Şekil 1. Crohn hastalığının postoperatif nüksetmesini önlemeye yönelik algoritma

Crohn hastalığının ameliyat sonrası tekrarlama riskinin değerlendirilmesi:

Penetran fenotip

Perianal lezyonlar

İki veya daha fazla bağırsak rezeksiyonu öyküsü

İnce bağırsağın geniş bir bölümünün rezeksiyonu öyküsü (>50 cm)

Düşük risk

Orta risk

Yüksek risk

Mesalazin veya uzak durun

AZA veya 6-MP ile kombinasyon halinde

İnfliximab / Adalimumab

terapiden

metronidazol

Kontrol endoskopik muayene 6-12 ay içinde

Tekrarlama yok

Tekrarlama yok

Tekrarlama yok

1-3 yıl içinde kolonoskopi

1-3 yıl içinde kolonoskopi

1-3 yıl içinde kolonoskopi

Nüksetme

Nüksetme

Nüksetme

AZA/6-MP veya

AZA/6-MP veya

biyolojik değişim

infliximab/adalimumab

infliximab/adalimumab

ilaç veya optimizasyon

infliximab/adalimumab

6. TAHMİN

Crohn hastalığı bağırsaklarda ilerleyici hasar ile karakterizedir. Tanı anında hastaların sadece %10-20'sinde komplikasyon (darlık, fistül) görülürken, 10 yıl içinde benzer komplikasyonlar hastaların %90'ından fazlasında gelişir. 10 yıl içinde, ÇH'li hastaların yarısında komplikasyon ve/veya konservatif tedavinin başarısızlığı nedeniyle ameliyat yapılır ve %35-60'ında ameliyattan sonraki 10 yıl içinde hastalığın nüksetmesi gelişir. ÇH'de hormonal bağımlılık 10 yıl boyunca hastaların %30'unda en az bir kez tespit edilmiştir.

Prognostik olarak olumsuz faktörler CD'li sigara içiyorsanız, hastalığın başlangıcı çocukluk, perianal lezyonlar, penetran hastalık fenotipi ve yaygın ince bağırsak hastalığı.

KULLANILAN REFERANSLAR

Ben Gastroenteroloji. Ulusal liderlik/ Ed. V.T. Ivashkina, T.L. Lapina. GEOTAR Medya, 2008. –

ii Crohn hastalığının tanısı ve tedavisi konusunda kanıta dayalı fikir birliği: Tanımlar ve tanı Crohn ve Kolit Dergisi (2010) 4, 7–27.

iii OCEBM Kanıt Düzeyleri Çalışma Grubu. "Oxford 2011 Kanıt Düzeyleri". Oxford Merkezi Kanıta Dayalı

IV Vorobyov G.I., Khalif I.L. Spesifik olmayan inflamatuar barsak hastalıkları. Miklos, 2008.

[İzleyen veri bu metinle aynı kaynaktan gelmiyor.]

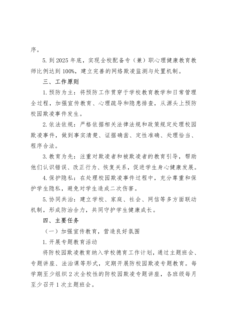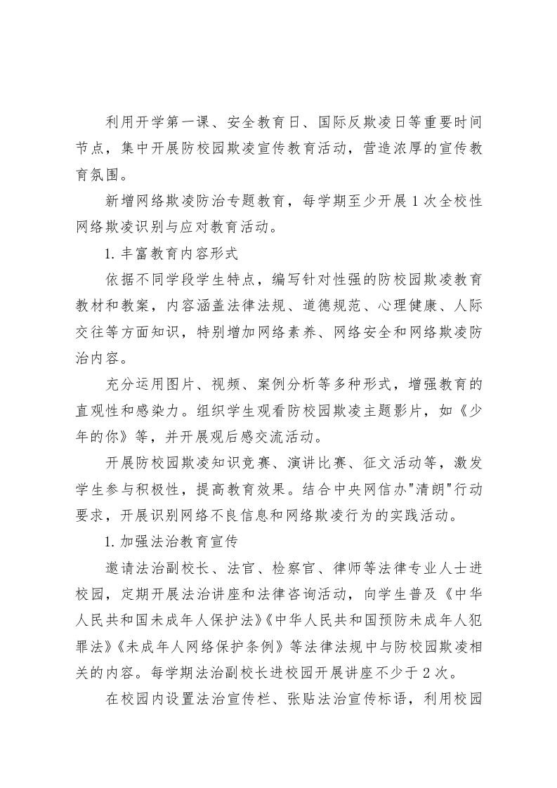 2025中小学防校园欺凌工作方案(修订版)一、指导思想以习近平新时代中国特色社会主义思想为指导,深入贯彻党的二十大和二十届二中、三中全会及全国教育大会精神,全面落实习近平总书记关于教育的重要论述。依据《教育强国建设规划纲要(2024-2035年)》《全面加强和改进新时代学生心理健康工作专项行动计划(2023一2025年)》以及教育部等十三部门《关于健全学校家庭社会协同育人机制的意见》等相关政策文件,坚持立德树人根本任务,以保障学生身心健康、创建平安和谐校园为目标,扎实推进中小学防校园欺凌工作,为学生成长成才营造良好环境。二、工作目标1.健全完善防校园欺凌工作制度体系,确保各项工作有章可循、规范有序,形成覆盖校园欺凌和网络欺凌的全方位防治体系。2.增强学生法治观念和自我保护意识,使学生能够自觉抵制校园欺凌行为,掌握应对欺凌的正确方法,特别是提高网络环境下的自我保护能力。3.构建学校、家庭、社会紧密协作的联动机制,形成强大工作合力,实现对校园欺凌行为的早发现、早干预、早处理。4.显著减少校园欺凌事件发生率,切实降低严重欺凌事件的发生,实现心理健康教育全覆盖,维护校园正常教育教学秩

v Sandborn WJ, Feagan BG, Hanauer SB, Lochs H, Löfberg R, Modigliani R, ve diğerleri. Crohn hastalığı olan yetişkinlerde tıbbi tedavinin klinik denemeleri için aktivite göstergeleri ve etkililik son noktalarının gözden geçirilmesi. 2002;122:512–30

vi Silverberg MS, Satsangi J, Ahmad T, Arnott ID, Bernstein CN, Brant SR, ve diğerleri. İnflamatuar bağırsak hastalığının entegre bir klinik, moleküler ve serolojik sınıflandırmasına doğru: 2005 Montreal Dünya Gastroenteroloji Kongresi Çalışma Grubu Raporu. Can J Gastroenterol 2005;19(Ek A): 5–36

vii Cosnes J, Cattan S, Blain A, Beaugerie L, Carbonnel F, Parc R, ve diğerleri. Crohn hastalığının hastalık davranışının uzun vadeli gelişimi. 2002;8:244–50.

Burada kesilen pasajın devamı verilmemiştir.